The filtration is the whole reason to buy this thing. Shark's NanoSeal HEPA captures 99.98% of particles down to 0.1 microns, well below the size of dander, Fel d 1, and the broken hair fragments that actually do float. The carbon Odor Lock layer sits in the same cartridge and handles smells. Cooking, smoke, cat box, all of it. One filter code, HE1FKPRO, runs about $60, swap every 6 to 12 months. In a cat house plan on the shorter end, the pre-filter loads with hair fragments faster than the marketing copy assumes.

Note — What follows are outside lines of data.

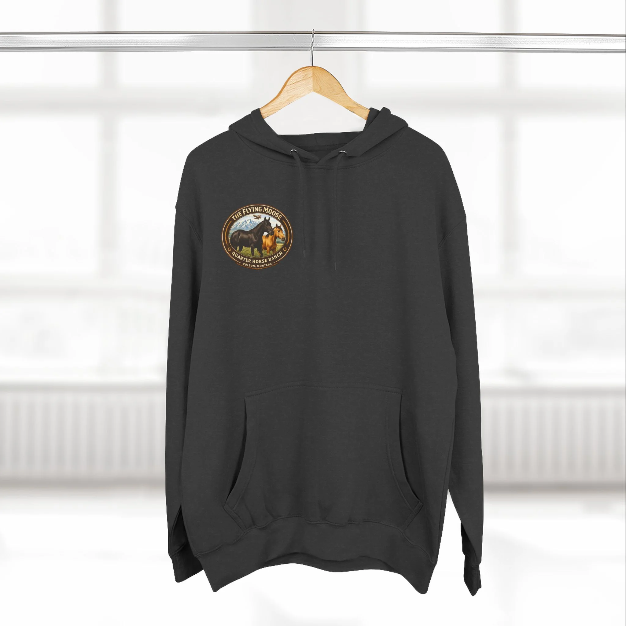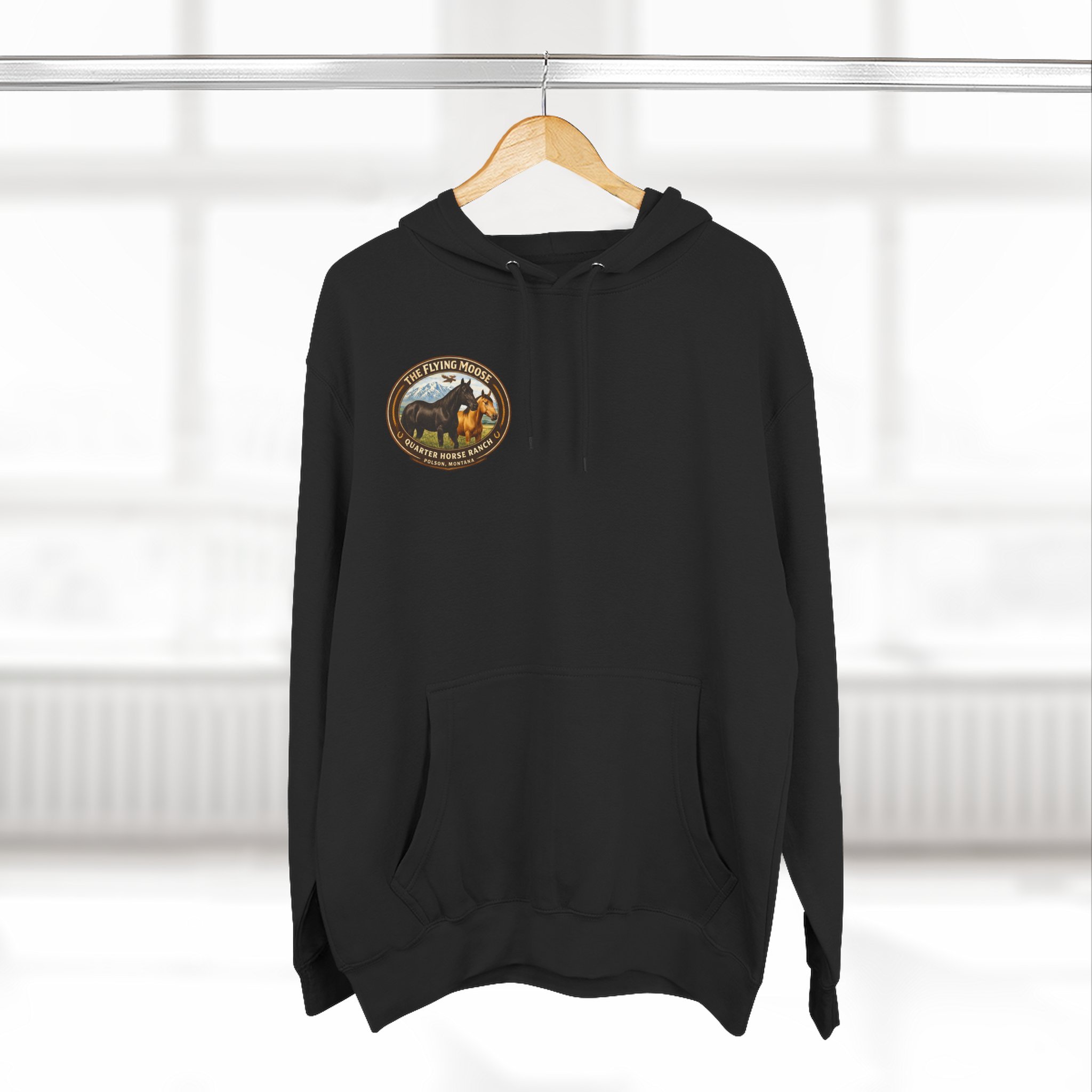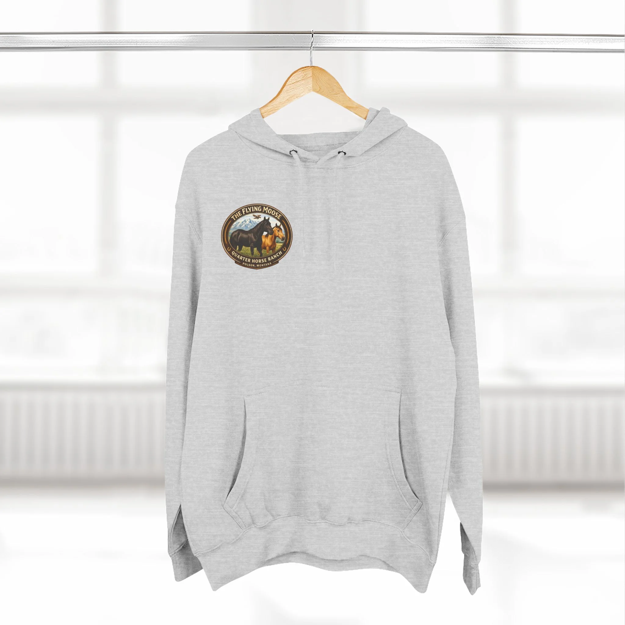 This hoodie carries the slow, wide-open feeling of the ranch. The light heather fleece and soft 3-end interior wrap around you like a morning by the corral — cool air, coffee in hand, and the weight of the day felt in your shoulders. Subtle embroidered artwork on the chest and a bold screen print across the back give it character without shouting. The roomy kangaroo pocket and adjustable hood are built for practical warmth: pull the drawstrings tight when wind comes up, or leave them loose while you toss hay and talk shop. It settles into daily life — worn on early chores, evening rides, or just when you want something honest and sturdy that still feels soft against the skin.
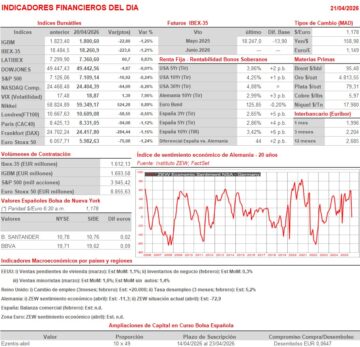 - Esperamos que las bolsas europeas abran al alza, intentando recuperar algo de lo cedido AYER, con los inversores animados por el hecho de que finalmente parece que HOY se van a retomar las conversaciones de paz entre EEUU e Irán. Pero, además del conflicto en Oriente Medio, los inversores tendrán otras importantes citas, empezando por la agenda macroeconómica, agenda en la que destaca la publicación esta mañana por parte del instituto alemán ZEW de sus índices que miden el sentimiento que sobre la economía de Alemania tienen los grandes inversores y los analistas, en este caso correspondientes al mes de abril. Además, y ya por la tarde, se darán a conocer en EEUU las cifras de las ventas minoristas de mes de marzo. Cabe destacar igualmente, que HOY la atención de los inversores, en especial los de los mercados de bonos, también la captará la audiencia de confirmación del nominado a presidente de la Reserva Federal, Kevin Warsh, ante el Comité Bancario del Senado.
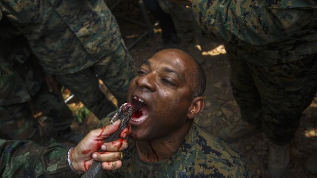 Të pish gjak gjarpri, të hash krimba dhe merimanga, dhe të mësosh se si të vrasësh një pulë me dhëmbë, janë këto disa nga provat e kurajës që disa marinsa i janë nënshtruar gjatë stërvitjes së ekipit “Cobra Gold 2014”, një kurs stërvitje ekstreme për ushtarët e ekipit.
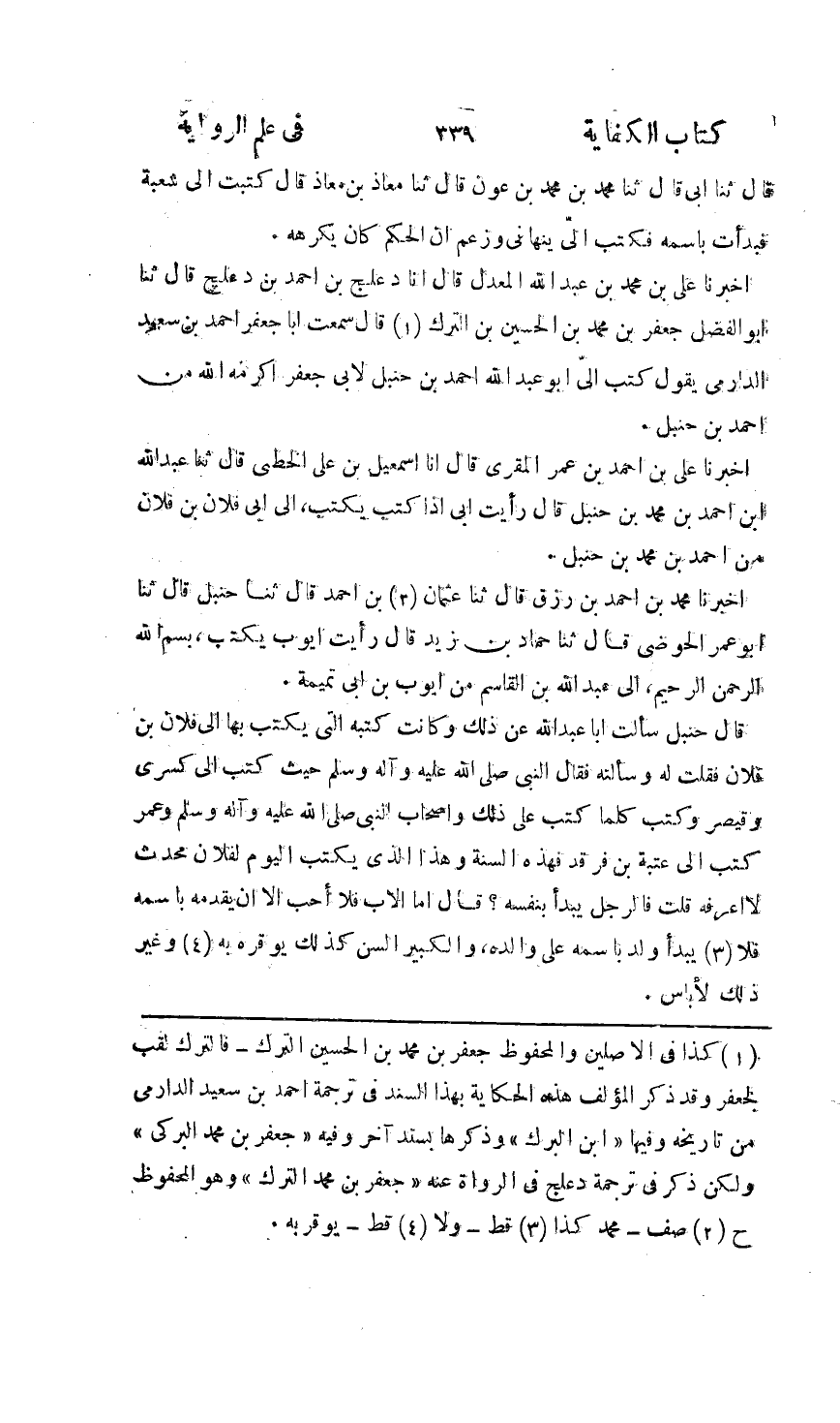 أَخْبَرَنَا مُحَمَّدُ بْنُ أَحْمَدَ بْنِ رِزْقٍ، أَخْبَرَنَا عُثْمَانُ بْنُ أَحْمَدَ، ثنا حَنْبَلٌ، ثنا أَبُو عُمَرَ الْحَوْضِيُّ، ثنا حَمَّادُ بْنُ زَيْدٍ , قَالَ: " §رَأَيْتُ أَيُّوبَ كَتَبَ: بِسْمِ اللَّهِ الرَّحْمَنِ الرَّحِيمِ إِلَى عَبْدِ اللَّهِ بْنِ الْقَاسِمِ مِنْ أَيُّوبَ بْنِ أَبِي تَمِيمَةَ " قَالَ حَنْبَلٌ: سَأَلْتُ أَبَا عَبْدِ اللَّهِ عَنْ ذَلِكَ , وَكَانَتْ كُتُبُهُ الَّتِي يَكْتُبُ بِهَا إِلَى فُلَانِ بْنِ فُلَانٍ , فَقُلْتُ لَهُ وَسَأَلْتُهُ , فَقَالَ: النَّبِيُّ صَلَّى اللهُ عَلَيْهِ وَسَلَّمَ حَيْثُ كَتَبَ إِلَى كِسْرَى , وَقَيْصَرَ , وَكَتَبَ كُلَّ مَا كَتَبَ عَلَى ذَلِكَ وَأَصْحَابُ النَّبِيِّ صَلَّى اللهُ عَلَيْهِ وَسَلَّمَ وَعُمَرُ كَتَبَ إِلَى عُتْبَةَ بْنِ فَرْقَدٍ , فَهَذِهِ السُّنَّةُ , وَهَذَا الَّذِي يُكْتَبُ الْيَوْمَ لِفُلَانٍ مُحْدَثُ لَا أَعْرِفُهُ , قُلْتُ: فَالرَّجُلُ يَبْدَأُ بِنَفْسِهِ؟ قَالَ: أَمَّا الْأَبُ فَلَا أُحِبُّ إِلَّا أَنْ يُقَدِّمَهُ بِاسْمِهِ , وَلَا يَبْدَأُ وَلَدٌ بِاسْمِهِ عَلَى وَالِدِهِ، وَالْكَبِيرُ السِّنِّ كَذَلِكَ يُوَقَّرُ بِهِ , وَغَيْرُ ذَلِكَ لَا بَأْسَ
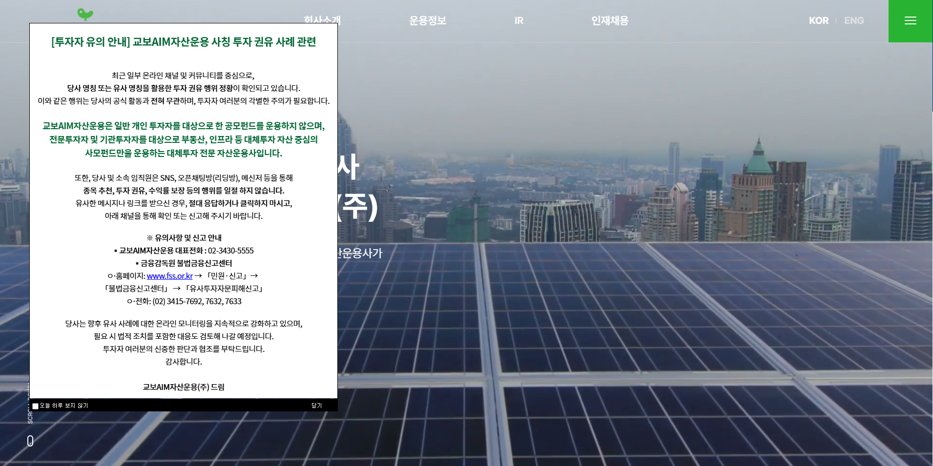 교보AIM자산운용 명칭을 사칭한 SNS·오픈채팅방을 통한 불법 투자 권유 사례가 발생하여 일반인의 피해와 브랜드 신뢰도 하락 우려가 컸으나, 홈페이지에 투자자 경보를 즉각 전달할 수 있는 안내 수단이 없었습니다.
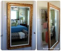 Cute blue bird on table was bought new from Big Lots. Refinished second hand nesting tables with blue spray paint. Bought extra large mason jar second hand for 25 cents. Tinted them blue myself and added silk flowers bought at a second hand shop. Used mirror I already had. This mirror now holds a secret I will reveal below. Crown molding purchased from the Restore for $20.
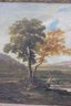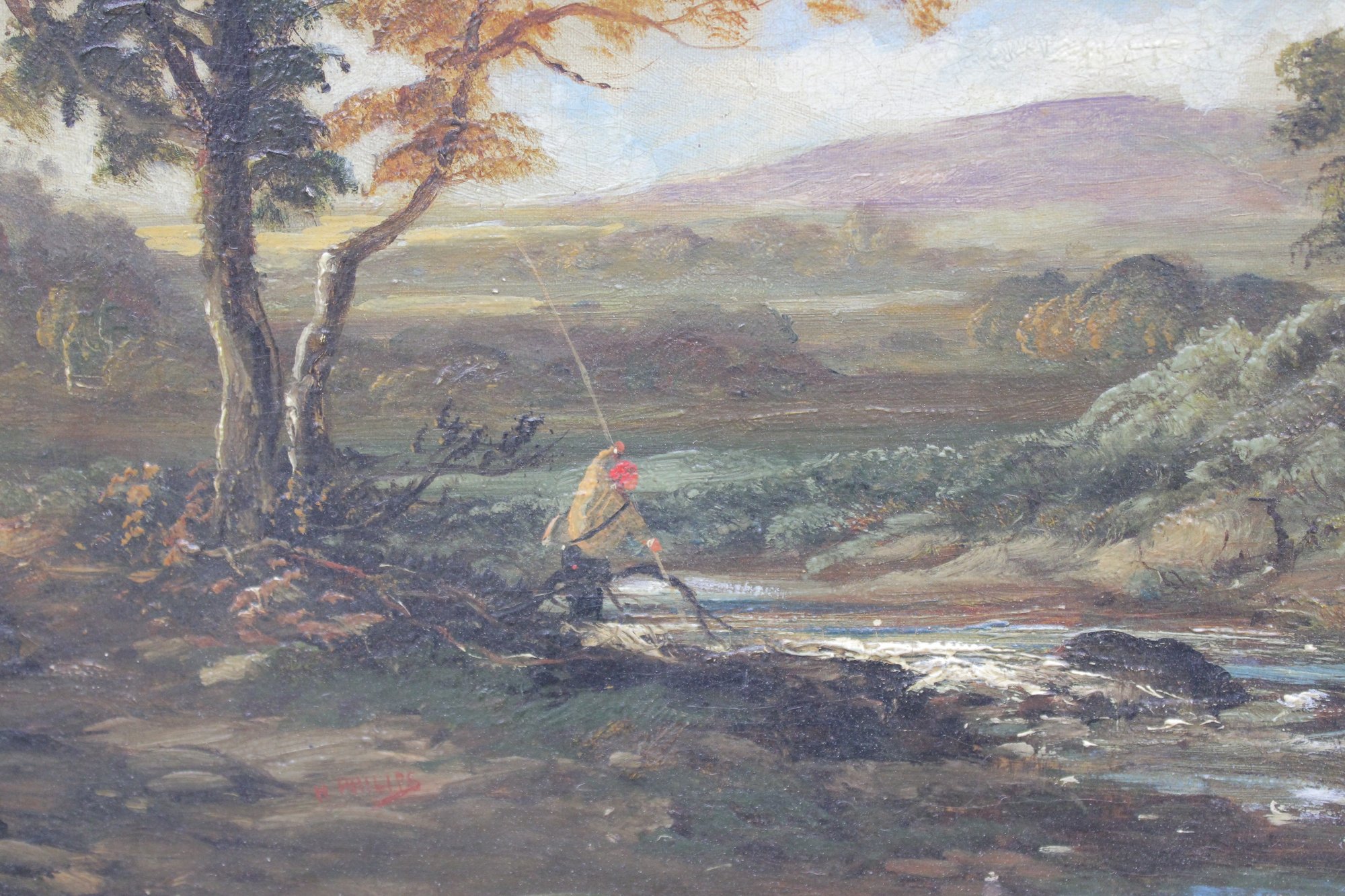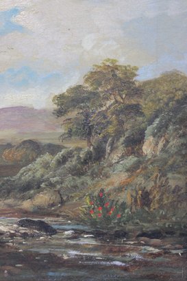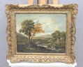 oil on artist board landscape painting, unsigned, depicting a tranquil riverside scene with trees, rolling countryside, and a small figure fishing along the water’s edge. The composition features confident brushwork, soft natural light, and a harmonious palette of greens, browns, and sky blues, evoking a traditional late-19th to early-20th-century landscape style.
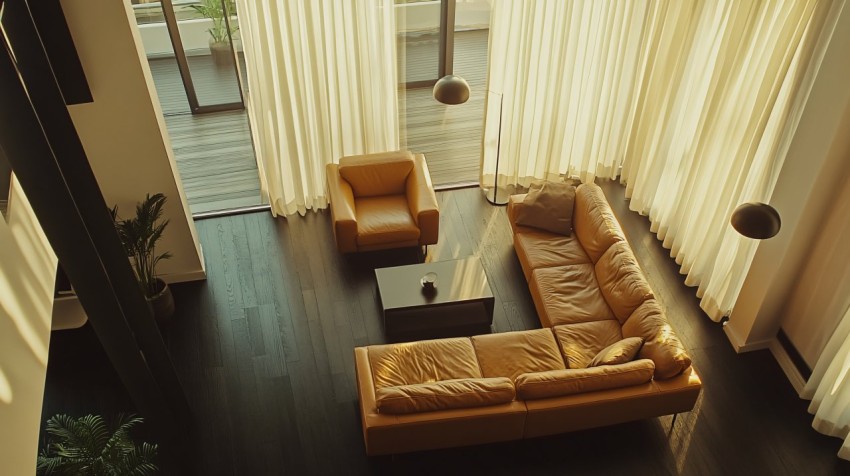 Modern Minimalist Apartment Living Room Aerial Photography by Nataly
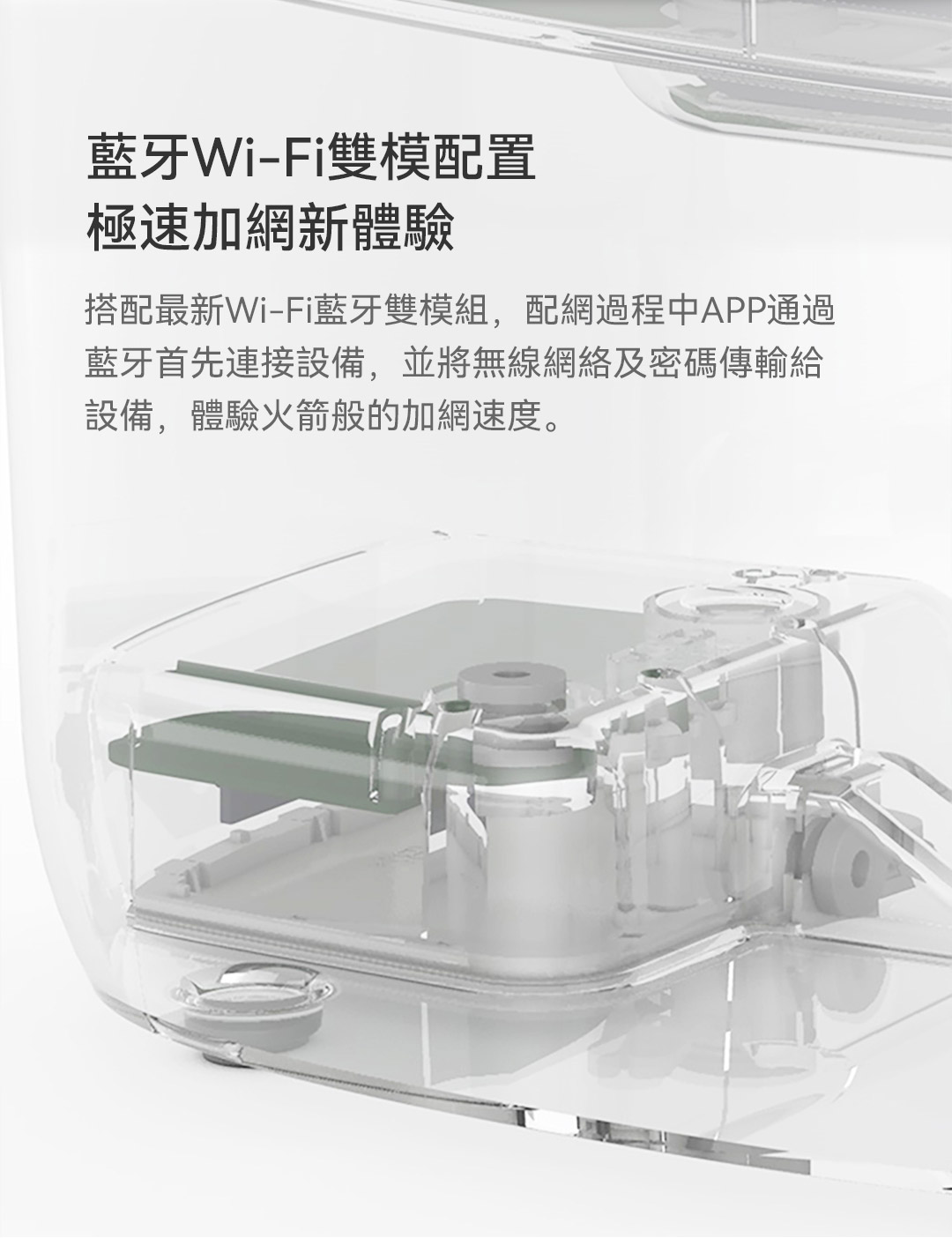 - 搭配了最新的 WIFI 藍牙雙模組,配網過程中 APP 首先連接設備,並將無線網路及密碼傳輸給設備,體驗火箭般的加網速度
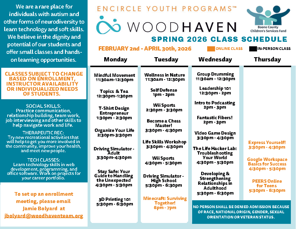 Spring Encircle Technology classes at Woodhaven will begin February 2, 2026. Initial Interview is required for new students.
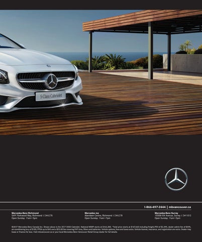 ©2017 Mercedes-Benz Canada Inc. Shown above is the 2017 S550 Cabriolet. National MSRP starts at $164,300. *Total price starts at $167,460 including freight/PDI of $2,395, dealer admin fee of $595, air-conditioning levy of $100, PPSA up to $45 and a $25.00 fee covering EHF tires, filters and batteries. Vehicle options, fees and taxes extra. Vehicle license, insurance, and registration are extra. Dealer may lease or finance for less. Visit mbvancouver.ca or your local Mercedes-Benz Vancouver Retail Group dealer for full details.
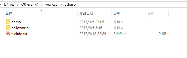 可以在f:\worksp\csharp目录内看到有一个文件:fileinfo.txt被创建。如下图中所示 -
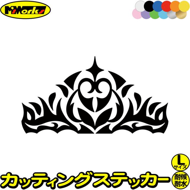 王冠 クラウン トライバル 6 (1枚1セット) サイズL カッティングステッカー 全12色 車 バイク ヘルメット タンク スノーボード かわいい おしゃれ ティアラ ワンポイント ステッカー 防水 耐水 アウトドア デカール 転写シール 79mmX150mm
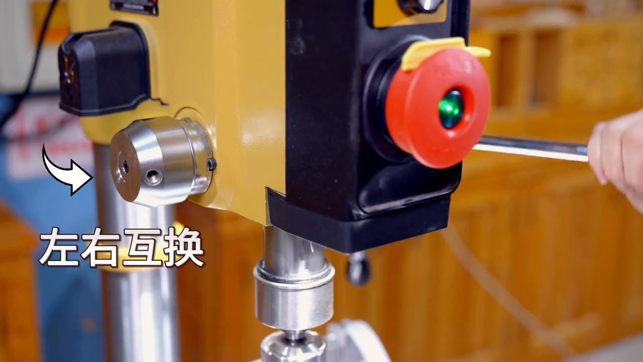 ·右侧的这个部件有两个功能:一是深度限位,二是下压把手。下压把手又可以实现左右互换。左侧上方是它的高低速转换把手,使用它必须要在停机状态下。

Coverage is 1000 sq ft. In my house that means the living room plus the open kitchen and dining area, no problem. The old LEVOIT Core 300 I had in the same spot was rated for 219 sq ft, it was working as hard as it could and the room never felt clean. The HP200 isn't working hard, it's working at a quarter speed and the room is fine.
The sensor
The auto-adjust earns its keep
Clean Sense IQ is a built-in particle sensor that picks the fan speed for you. It is the single feature on this unit I would actually pay extra for. After I cook, it ramps. After Leo and Herbie wrestle on the rug and kick up a cloud of fur, it ramps. After the Litter Robot cycles in the next room and the dust settles, it ramps for about 90 seconds and then drops back to low. I never touch the controls.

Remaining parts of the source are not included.